What you are asked to do
With the pictures omitted, repeat exactly the lines below starting with the line that has "前足だけで家の中や庭を歩いています。 散歩はたまに後ろ足にハーネスのようなものをつけて ベルトで人間が持ち上げて連れて行きます。" and going on through the line that has "Conseil : Si".

Supplied material

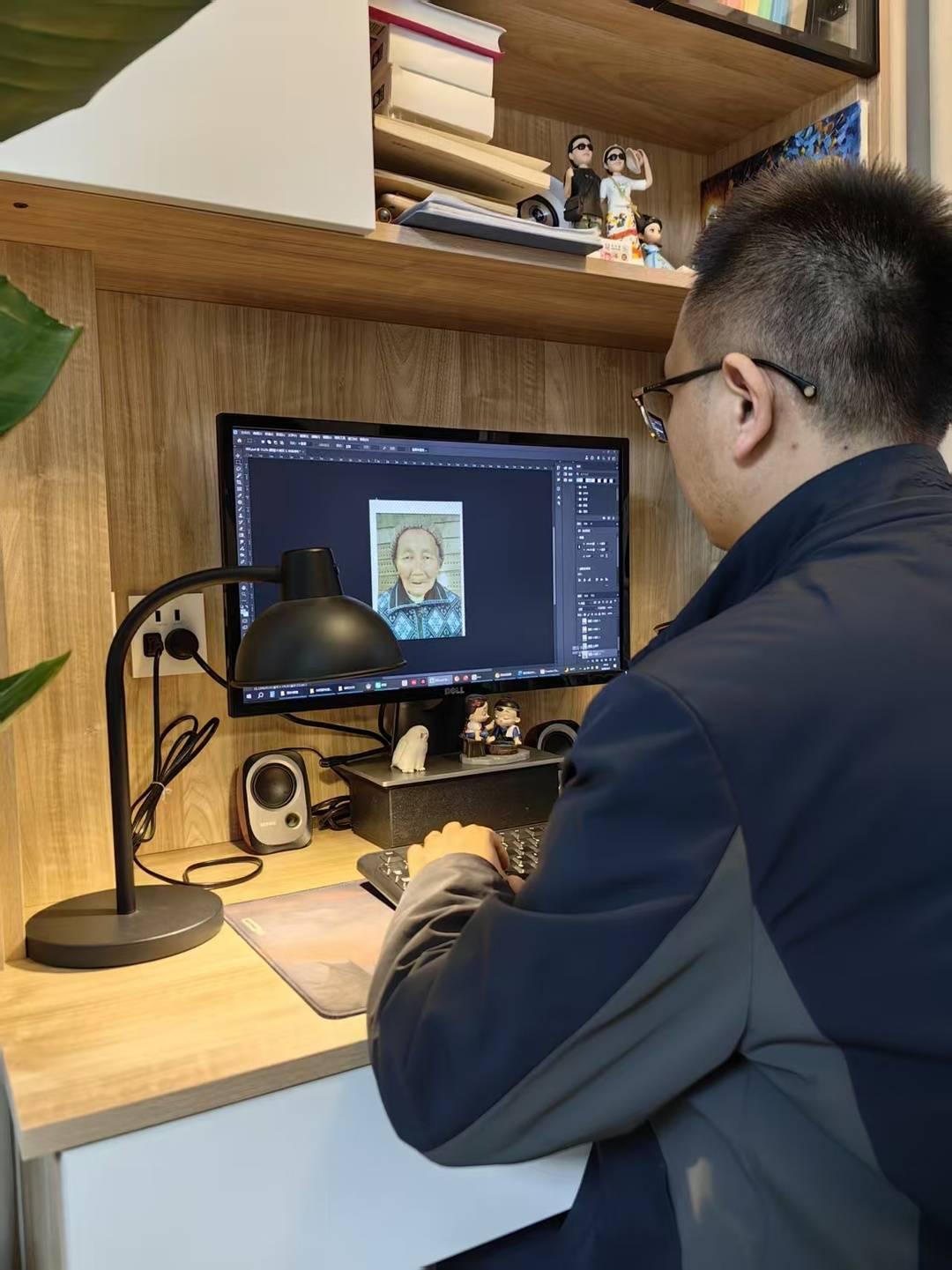 “我们不限制修改次数,直到家属真正满意。”他表示,简单照片一小时内可完成,复杂斑驳的旧照往往需要三四个小时。工作室奉行一个原则:真实还原。不刻意美化,不强行年轻,不抹去自然皱纹,不强行对称五官,保留逝者最真实的模样。
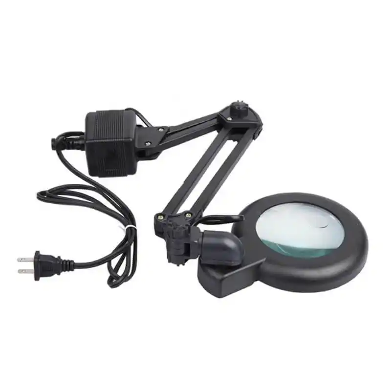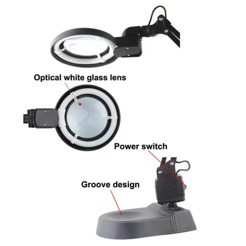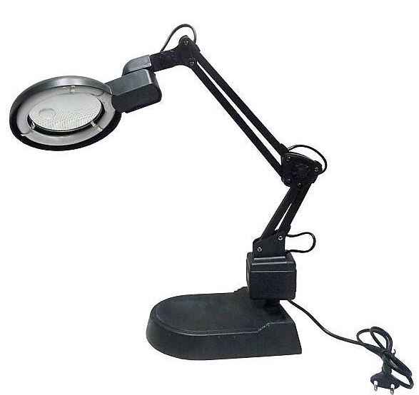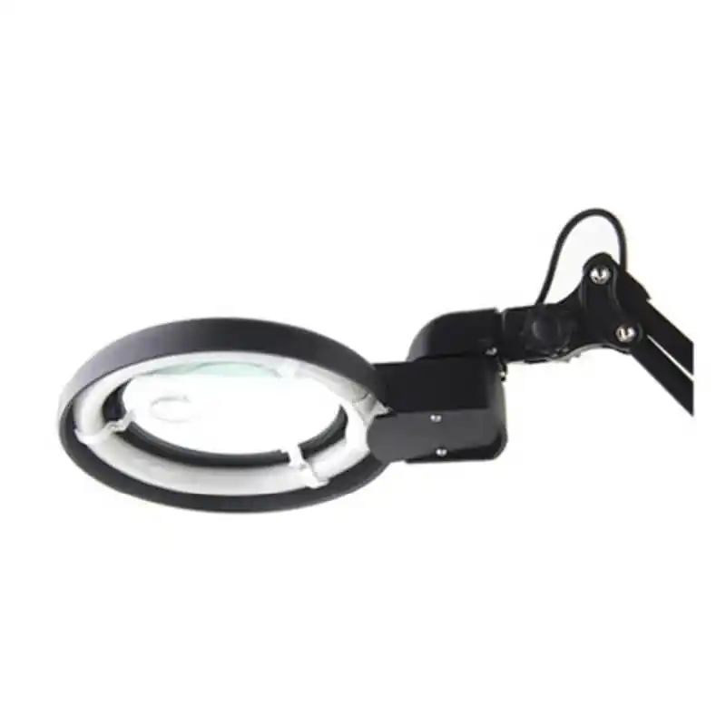 LED svetilka s povečevalnim steklom, pritrjena na mizo. Opremljen je z zložljivo, nastavljivo roko, ki omogoča nastavitev pod poljubnim kotom. Veliko povečevalno steklo je kot nalašč za kozmetične aplikacije. Uporaba krožnega LED panela zagotavlja močan in dobro razpršen žarek svetlobe, tako da se lahko pravilno osredotočite na svoje delo. Svetilka ima belo barvno nastavitev.
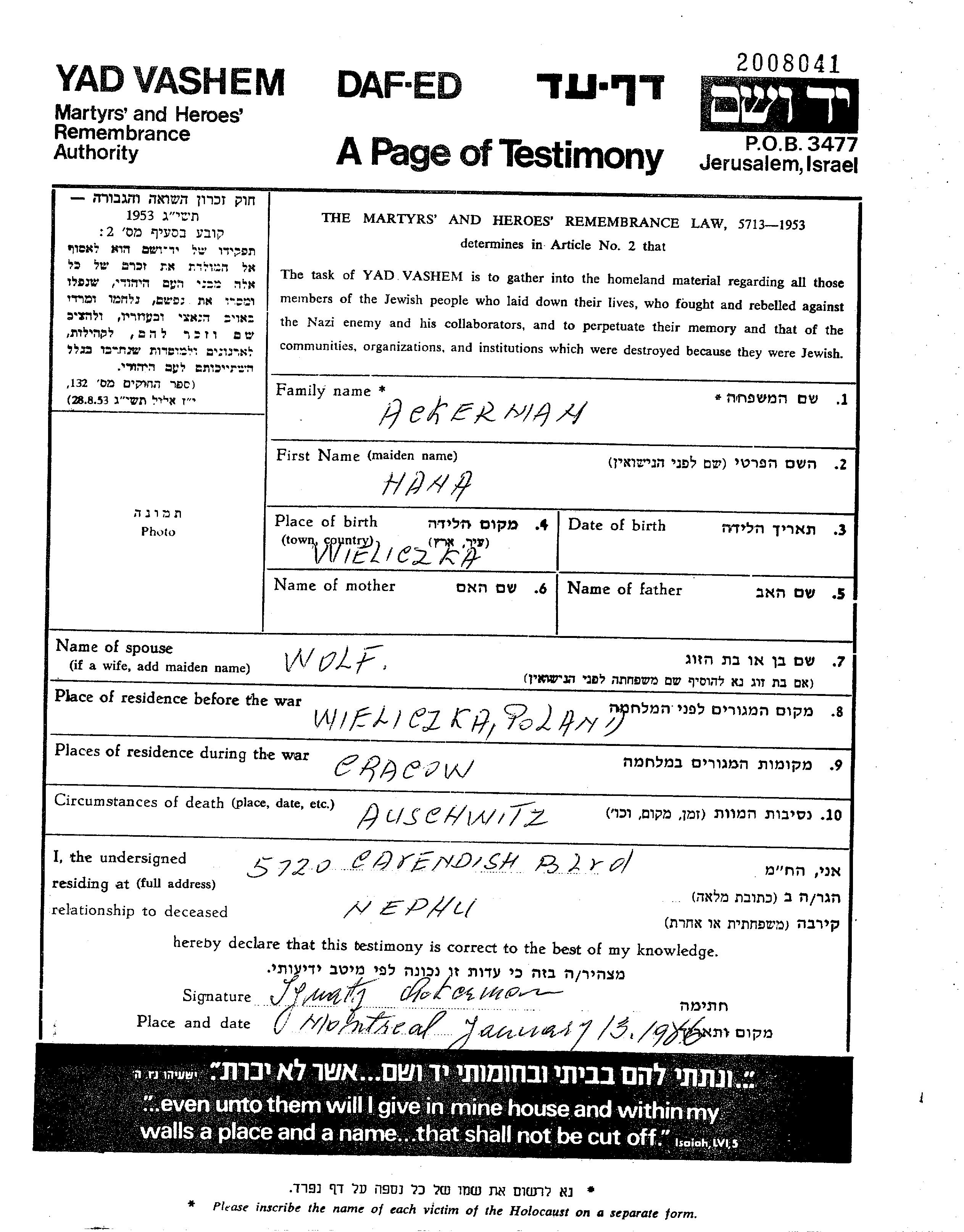 Ackerman Chana Wieliczka, Pologne Feuille de témoignage
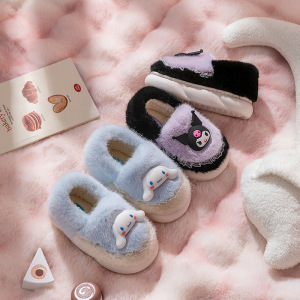 正版三丽鸥秋冬儿童棉拖鞋女童可爱亲子卡通室内家居防滑保暖棉鞋
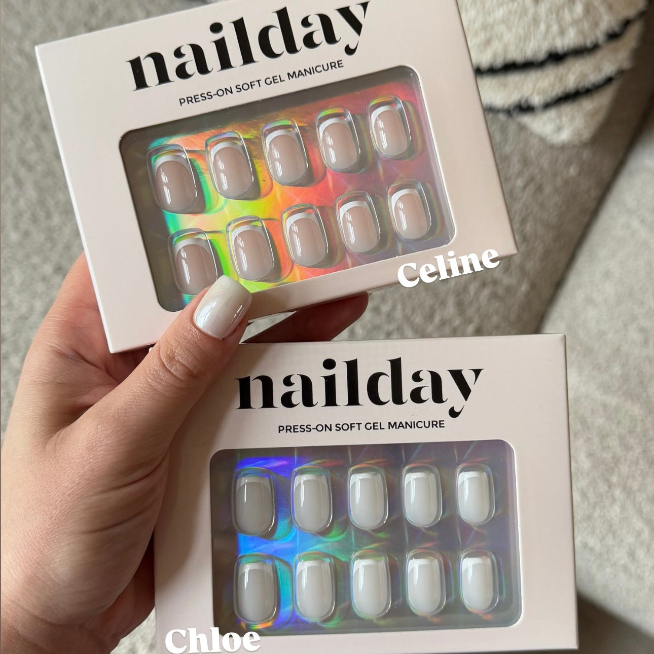 Optie B – Lijm: Breng een dun laagje lijm aan op de natural nagel én op de underside van de press-on; plaats op 45° angle bij de nagelriem, druk aan en houd ~60 seconden goed vast. - Finish & verzorging
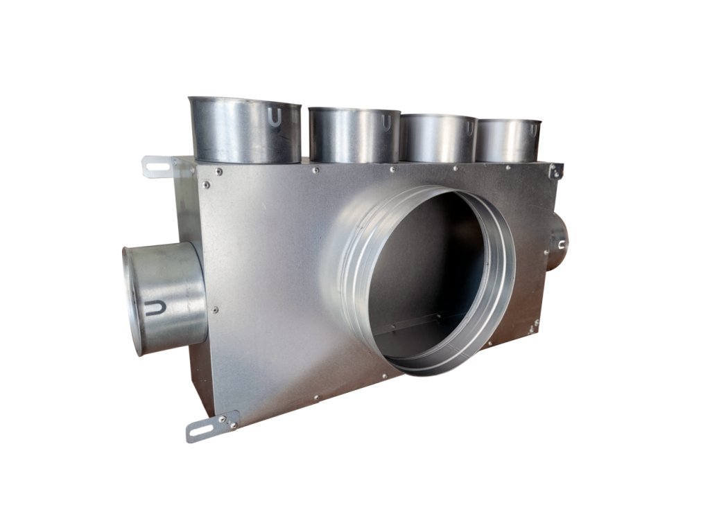 Plechový štvorstranný rozdeľovač SOLVENT 6-90-200 (1+4+1+0) je spoľahlivý prvok vzduchotechnického systému, ktorý spája pevnosť, presnosť a odolnosť.
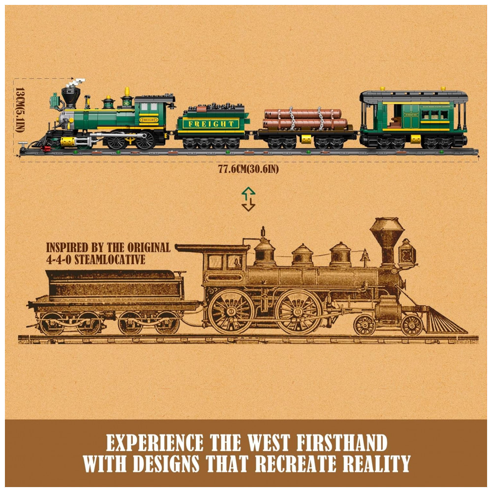 Trem de Carga Velho Oeste Funwhole com iluminação LED 1524 peças locomotiva 4-4-0 escala 1:76
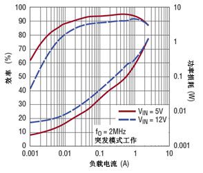 圖 4:突發模式工作在輕負載時產生高效率,而低 RDS(ON) 開關在最大負載時保持高效率
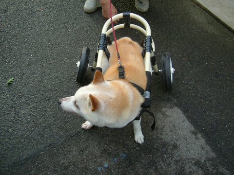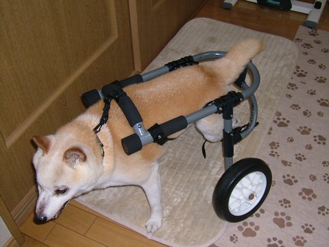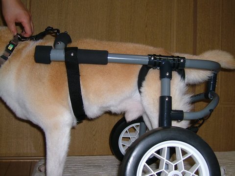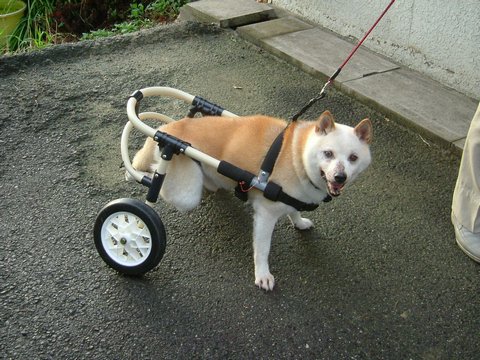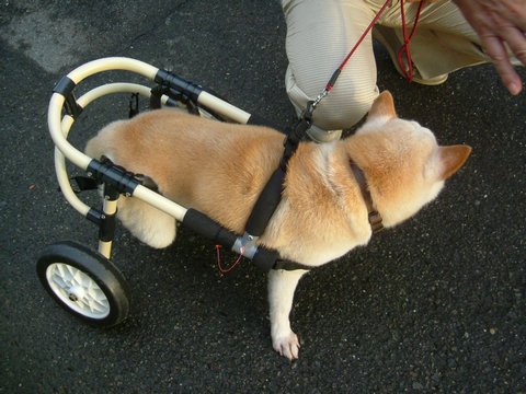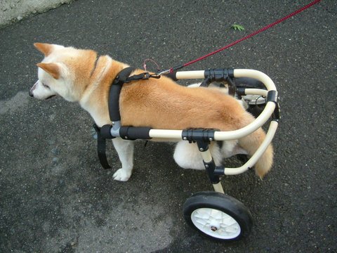 前足だけで家の中や庭を歩いています。 散歩はたまに後ろ足にハーネスのようなものをつけて ベルトで人間が持ち上げて連れて行きます。
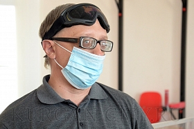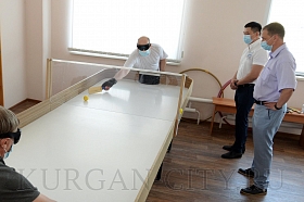Сегодня Глава города Андрей Потапов посмотрел как курганцы, имеющие ограничения по здоровью, не только работают, но и занимаются спортом. В спортивном зале Курганской местной организации Всероссийского общества слепых, который также располагается в здании по улице Декабристов, 3, после самоизоляции возобновились тренировки по настольному теннису. Они проходят строго в соответствии с рекомендациями Роспортебназдора. Как рассказал председатель Курганской МО ВОС Александр Мельников, спортсмены приходят через день по 2-3 человека. Помещение и инвентарь регулярно обрабатываются дезинфицирующими средствами.
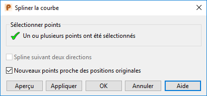 Conseil : Si vous n'avez pas sélectionné de points, ou que la sélection actuelle de points de courbe n'est pas correcte, vous pouvez sélectionner différents points de courbe quand la boite de dialogue est ouverte.
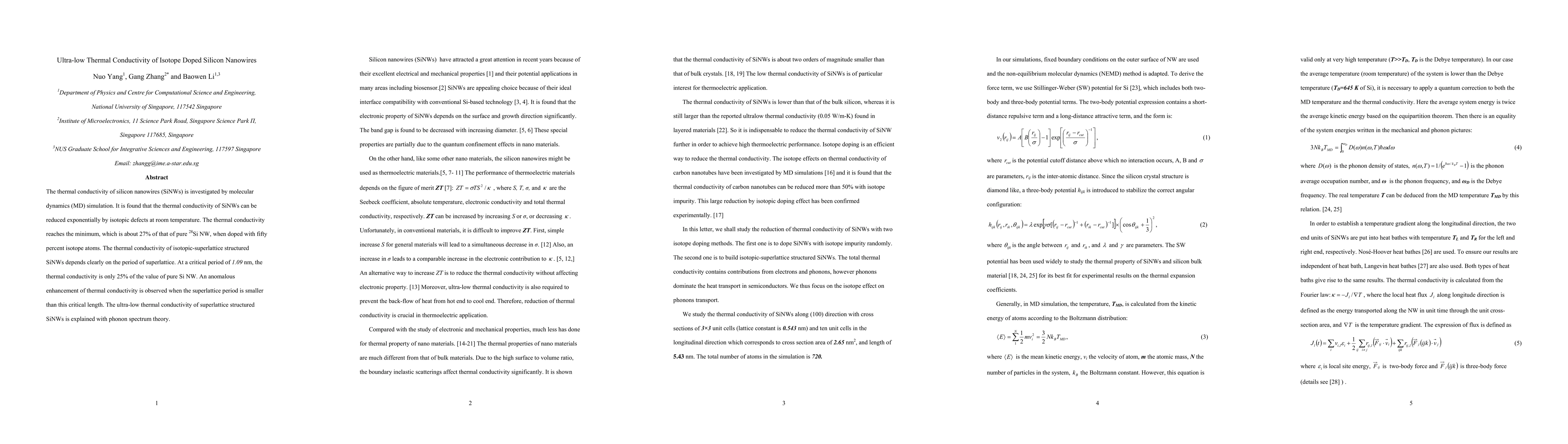This study uses molecular dynamics simulations to demonstrate that isotopic doping significantly reduces the thermal conductivity of silicon nanowires, reaching ultralow values of about 27% of pure silicon at 50% doping. Additionally, isotopic superlattice structures exhibit a critical period of 1.09 nm where thermal conductivity drops to 25% of pure silicon, with a surprising increase below this length, explained by phonon spectrum theory.

Written answer
 前足だけで家の中や庭を歩いています。 散歩はたまに後ろ足にハーネスのようなものをつけて ベルトで人間が持ち上げて連れて行きます。
Сегодня Глава города Андрей Потапов посмотрел как курганцы, имеющие ограничения по здоровью, не только работают, но и занимаются спортом. В спортивном зале Курганской местной организации Всероссийского общества слепых, который также располагается в здании по улице Декабристов, 3, после самоизоляции возобновились тренировки по настольному теннису. Они проходят строго в соответствии с рекомендациями Роспортебназдора. Как рассказал председатель Курганской МО ВОС Александр Мельников, спортсмены приходят через день по 2-3 человека. Помещение и инвентарь регулярно обрабатываются дезинфицирующими средствами.
 Conseil : Si vous n'avez pas sélectionné de points, ou que la sélection actuelle de points de courbe n'est pas correcte, vous pouvez sélectionner différents points de courbe quand la boite de dialogue est ouverte.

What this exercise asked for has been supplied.